Poorly controlled anger can impede your decision-making, cause harm, damage relationships, and impact your psychological well-being and quality of life. Uncontrollable anger increases your risk of early death and social isolation. What most people get wrong about anger management is holding the emotion in or avoiding associated feelings. The truth is, suppressing anger can also have a damaging impact. That’s why learning to properly manage anger is a good idea for everyone. Yes, managing your temper can be challenging. It involves a range of skills to help you positively handle triggers. Anger management requires you to identify anger at an early stage and to express it while remaining calm. You need to stop anger before it reaches full rage.

According to Mind, you can follow three main steps to manage your anger.
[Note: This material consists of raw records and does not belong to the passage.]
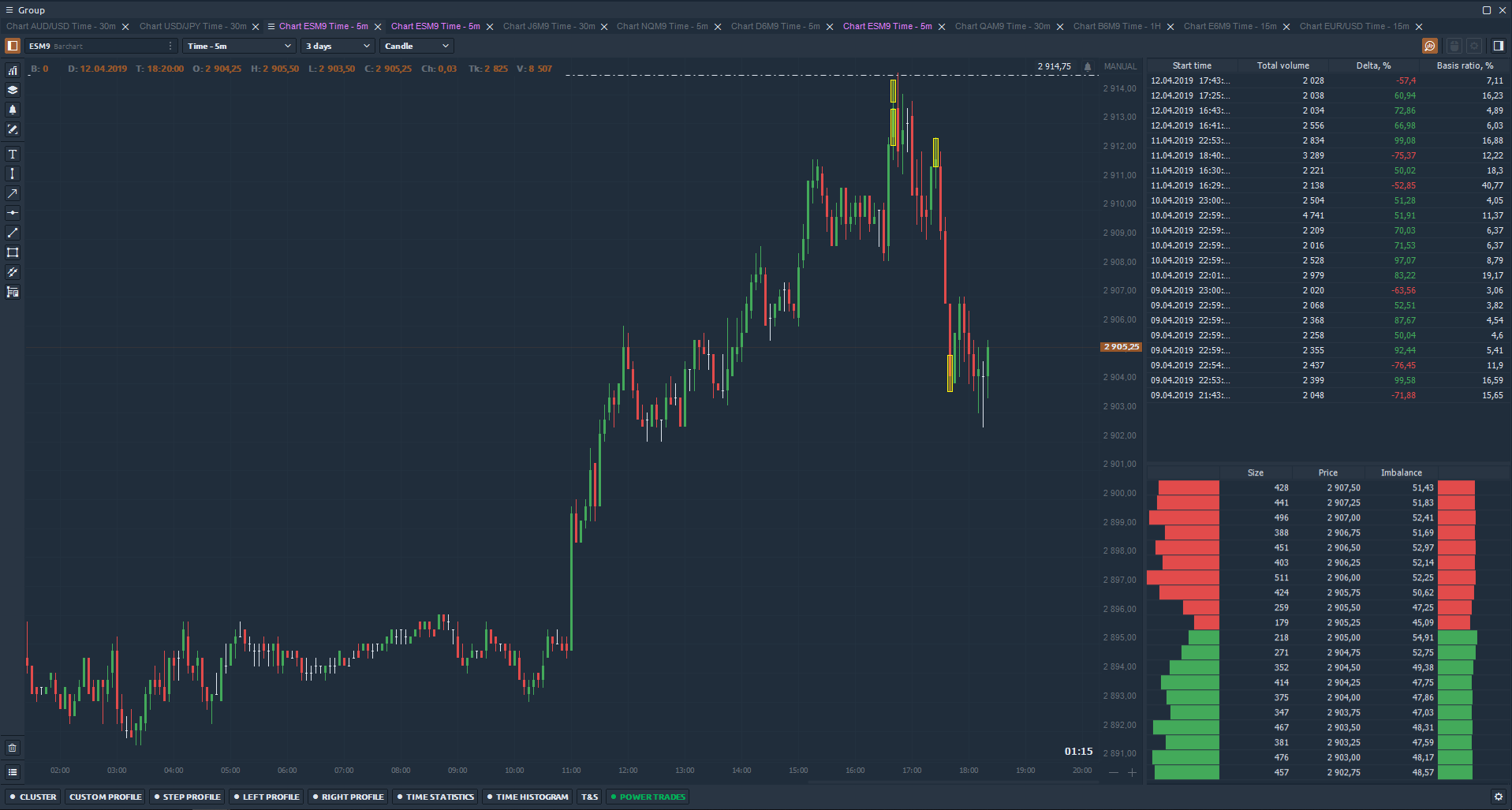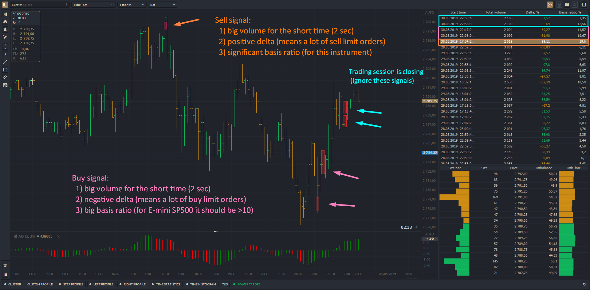 Using Power Trades you can see the execution of a large number of orders in a very short time, which will affect the price change with a high probability.
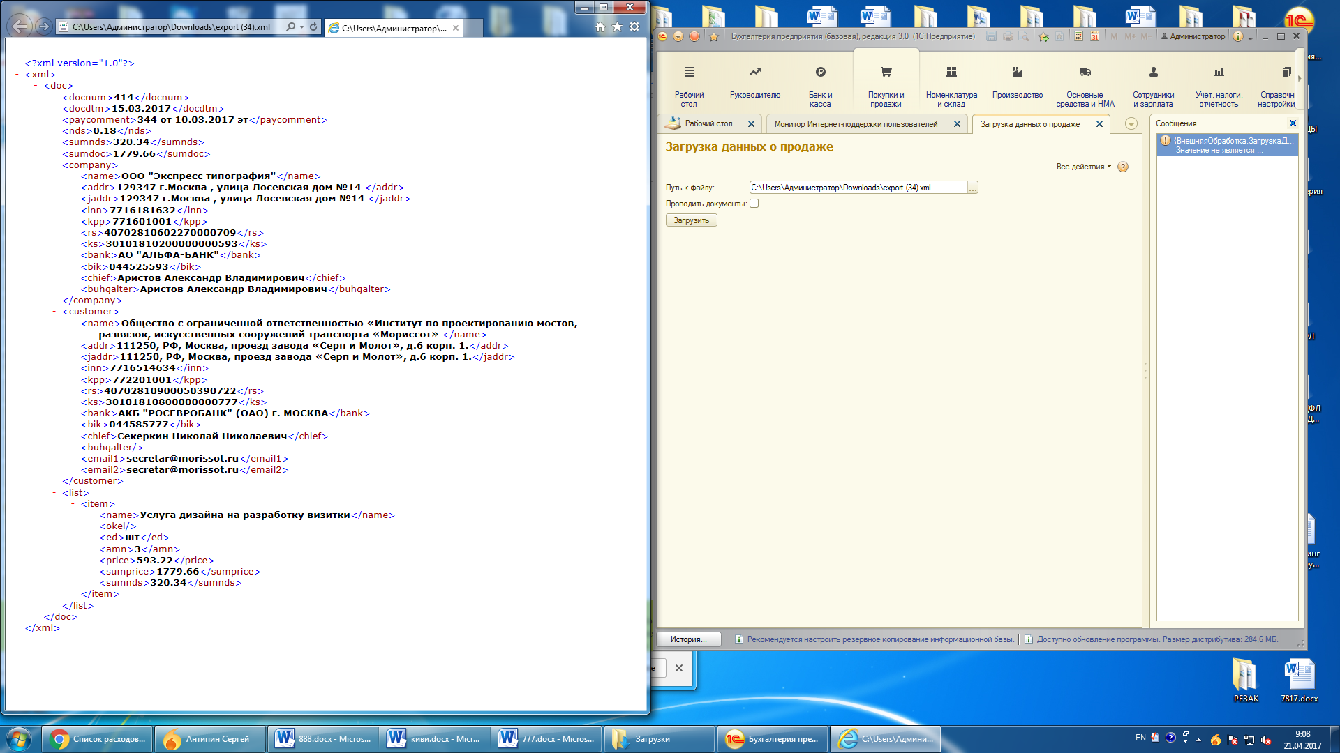 Исправить ошибки при загрузке файла XML в 1С
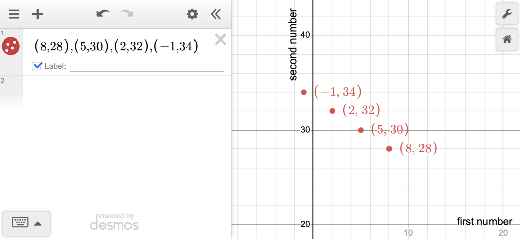 At this moment, my time was cut short by the cry of a baby who was supposed to be asleep for another 7 hours. So, as I rocked her back to sleep in the dark, I fired up Desmos on my phone. Game on.
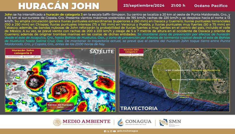 El huracán Jhon ya es categoría 3 y se espera que toque tierra entre 11 y 12 de la noche en los municipios de la costa chica, afectando a Copala, Marquelia, Cruz grande y Cuajinicuilapa, ya se ha desplegado un operativo de apoyo, informaron la gobernadora Evelyn Salgado y la coordinadora nacional de protección civil Laura Velázquez Alzúa.
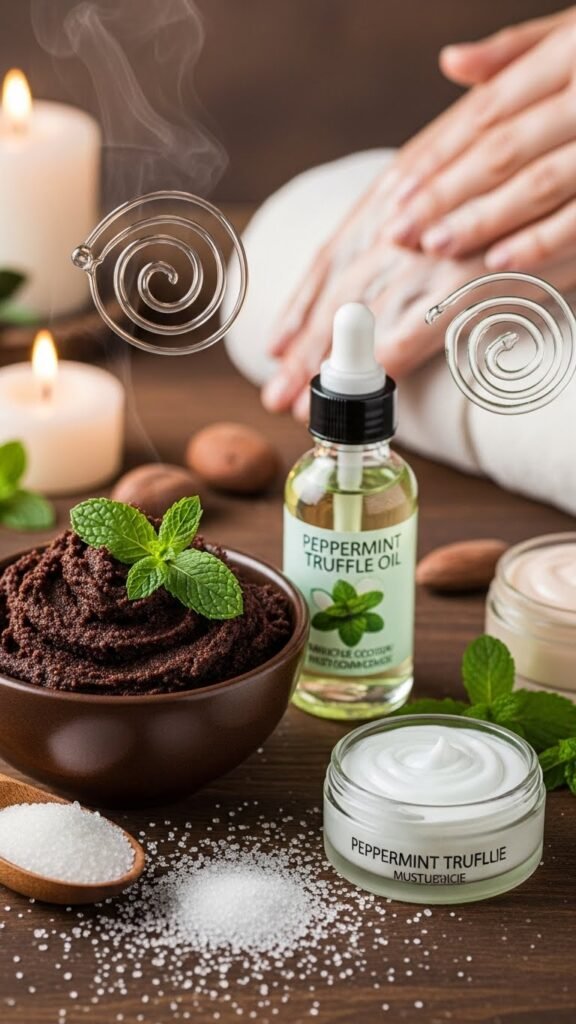You’ll blend fine sugar, peppermint truffle oil, and a lightweight carrier for glide. A gentle cocoa infusion adds antioxidants and velvety texture. Apply with circular motions, rinse thoroughly, and follow with a non-comedogenic moisturizer to lock in hydration and freedom of movement.
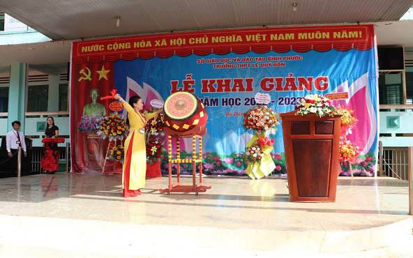 Cô Lê Thị Bích Hạnh - Bí thư Chi bộ - Hiệu trưởng Nhà trường đọc diễn vănkhai mạc và đánh trống khai trường năm học 2022 - 2023
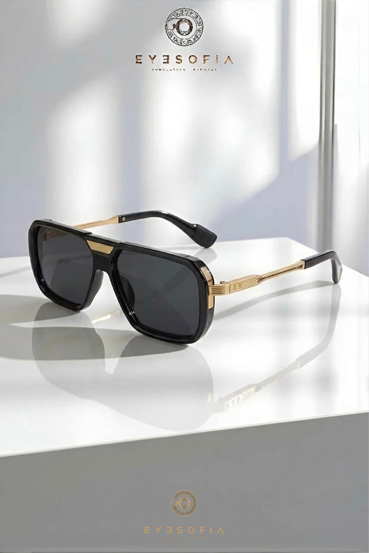 WATCHOFROYAL Güneş Gözlüğü Kadın & Erkek Uv400 Cam Ce Belgeli Gold Siyah Hexaw (SİYAH SAPLI)
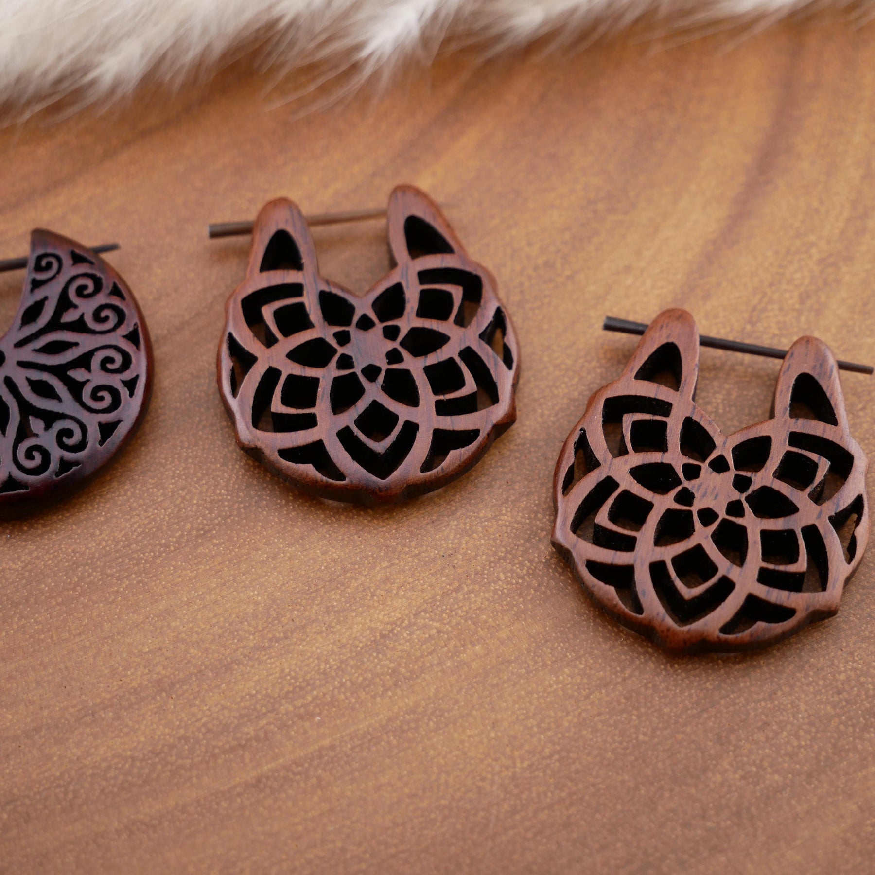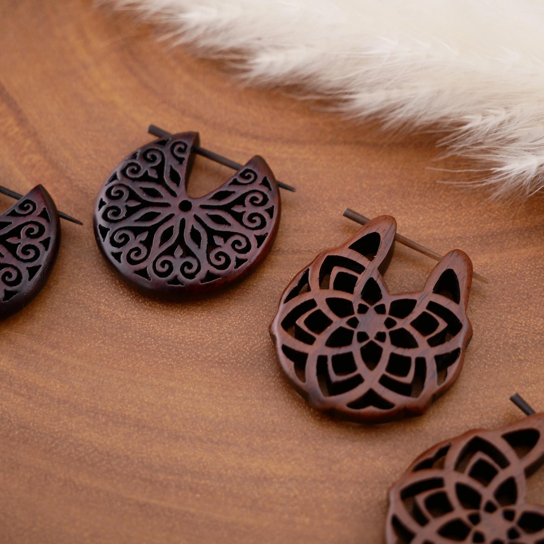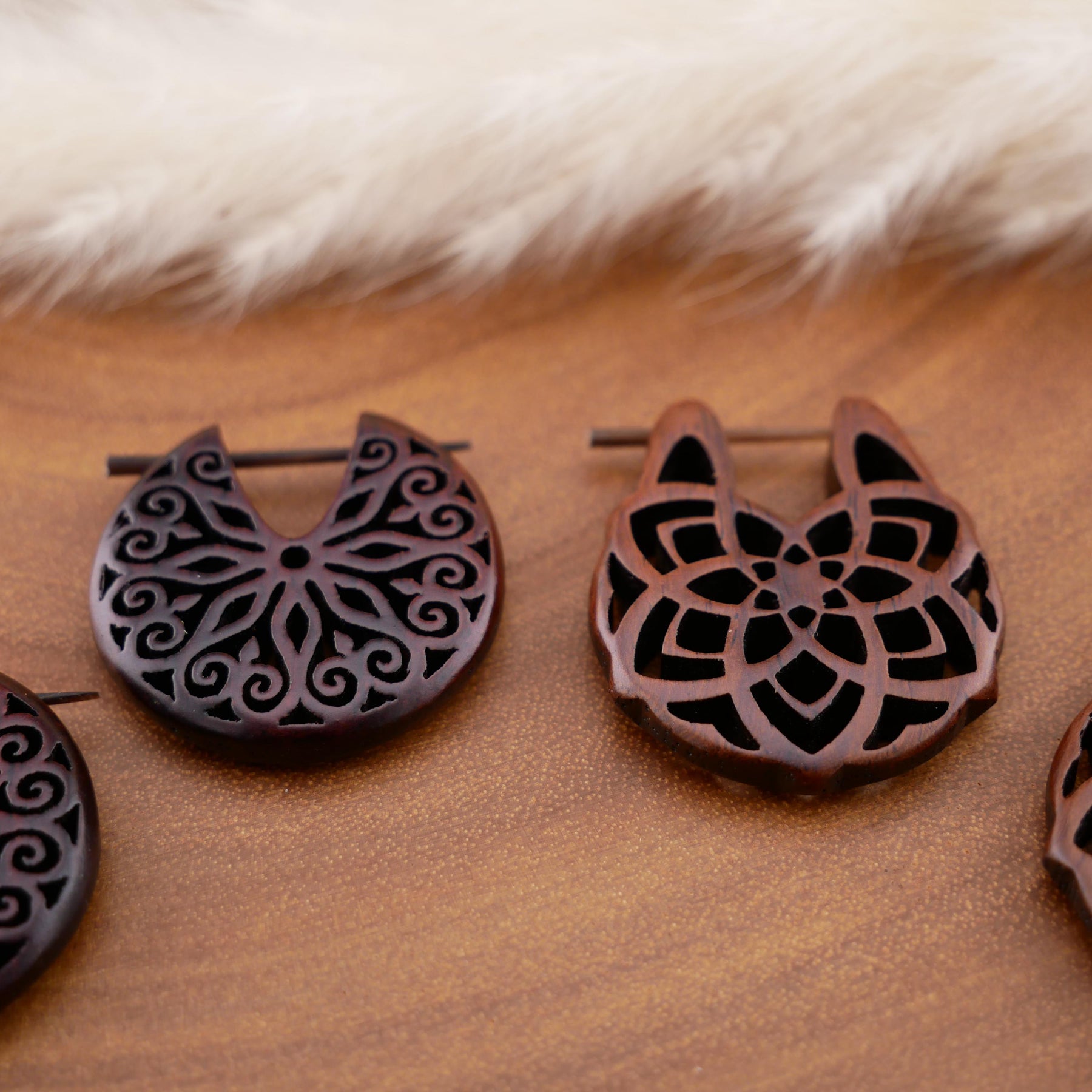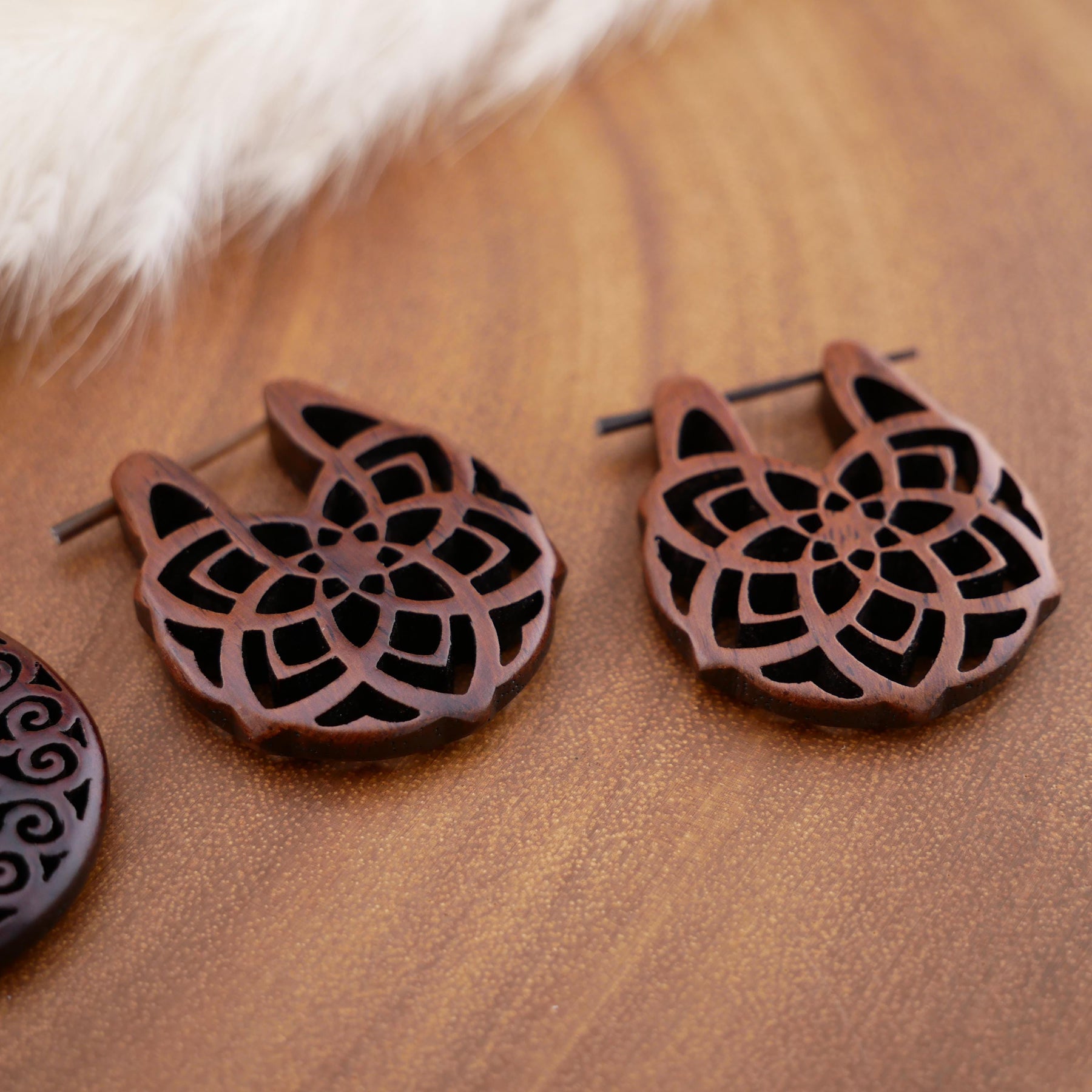 Schlichte, natürliche Ohrringe aus dunkel rotbraunem Narra-Holz - jedes Stück ein Unikat mit individueller Maserung. Das warme Holz verleiht den Ohrringen eine edle, organische Ausstrahlung.

Look out for warning signs

Detecting anger early can be the key to managing the emotion. It releases a rush of adrenaline through your body. Knowing the signs can give you a chance to think about how you want to react. The physical reaction can have the following effects:

  • Rapid heartbeat
  • Faster breathing
  • Tension all over your body
  • Tapping feet
  • Clenched jaw or fists

Give yourself time to think

When you’re angry, you tend to react in ways that can be destructive. You need to walk away from the situation for a while to work out how you’re feeling about the situation. Take a short walk, talk to a trusted person, take slow and deep breaths, relax your muscles, and count to 10 before reacting so you can feel calmer and you can cool down before doing anything you may regret. Taking a step back can help you defuse the situation so you can handle it better.

Try calming techniques

You may want to calm down and let go of your emotions, which can be done by applying management techniques. There are many different techniques depending on what suits you best. Different techniques also have different impacts on different people, so finding the one that works for you can help manage extreme anger. Some of the techniques are:

  • Relax your body
  • Be mindful
  • Stay active by doing exercise
  • Use up your energy in other ways
  • Breath slowly
  • Distract yourself mentally and physically
  • Stop talking. 

These techniques can help you prepare to plan how to express your anger and reduce the risk of misguided anger. When you are calm, you can focus on finding a solution instead of focusing on the emotion.


However, when these techniques do not work, or you always get involved in fights, assault, and breaking objects during an outburst, you may need professional help. Professional help can give you the anger management training you need, such as learning to identify triggers, respond constructively, handle triggers, redirect energy, and return to a calm state.